§ Requirement: Set down, word for word, every line of the material below from the one containing "1月21日,在河北邢临高速公路开发有限公司指挥调度中心,主播曹晓玉介绍路况信息。新华社记者 牟宇 摄" through the one containing "2022年6月14日,米兰官", but none of its pictures.

§ Dataset excerpts:

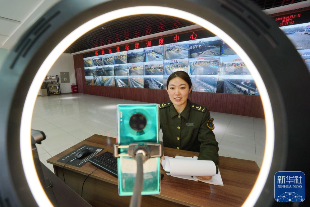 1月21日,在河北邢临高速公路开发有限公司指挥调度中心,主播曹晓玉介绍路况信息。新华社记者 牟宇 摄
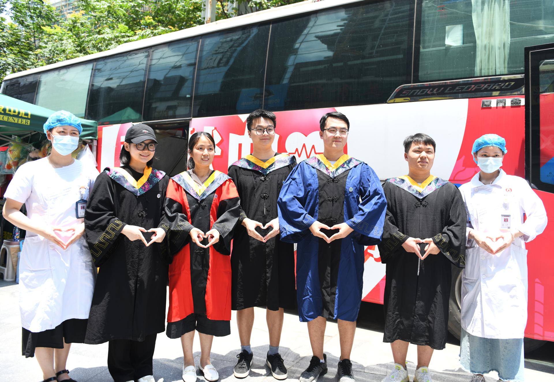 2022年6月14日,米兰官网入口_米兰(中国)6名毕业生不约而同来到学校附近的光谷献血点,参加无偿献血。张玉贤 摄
---
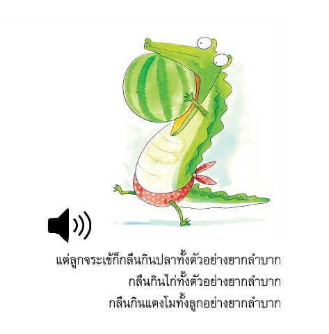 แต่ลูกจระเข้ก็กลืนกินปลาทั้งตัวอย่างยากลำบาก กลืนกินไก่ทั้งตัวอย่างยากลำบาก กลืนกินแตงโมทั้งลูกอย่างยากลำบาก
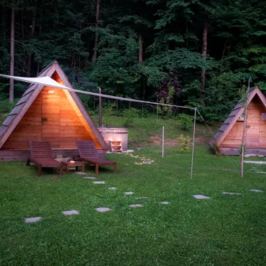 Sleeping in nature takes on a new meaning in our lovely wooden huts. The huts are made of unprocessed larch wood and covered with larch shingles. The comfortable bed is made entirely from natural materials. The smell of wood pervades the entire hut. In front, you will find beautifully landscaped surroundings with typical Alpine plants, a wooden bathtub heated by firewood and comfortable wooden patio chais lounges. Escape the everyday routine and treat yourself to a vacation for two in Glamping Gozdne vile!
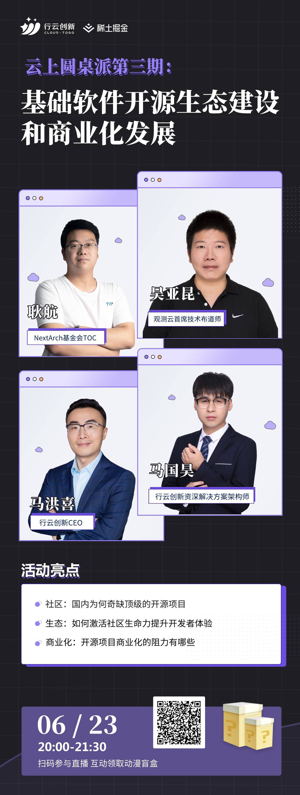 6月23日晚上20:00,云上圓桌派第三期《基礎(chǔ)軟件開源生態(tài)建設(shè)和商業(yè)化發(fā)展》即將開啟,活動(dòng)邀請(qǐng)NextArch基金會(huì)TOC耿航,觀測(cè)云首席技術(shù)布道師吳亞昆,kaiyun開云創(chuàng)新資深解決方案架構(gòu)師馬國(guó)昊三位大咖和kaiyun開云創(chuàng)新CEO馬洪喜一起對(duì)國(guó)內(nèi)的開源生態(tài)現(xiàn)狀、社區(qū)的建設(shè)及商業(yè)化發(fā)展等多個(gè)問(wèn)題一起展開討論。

§ Exercise output:
 1月21日,在河北邢临高速公路开发有限公司指挥调度中心,主播曹晓玉介绍路况信息。新华社记者 牟宇 摄
 2022年6月14日,米兰官网入口_米兰(中国)6名毕业生不约而同来到学校附近的光谷献血点,参加无偿献血。张玉贤 摄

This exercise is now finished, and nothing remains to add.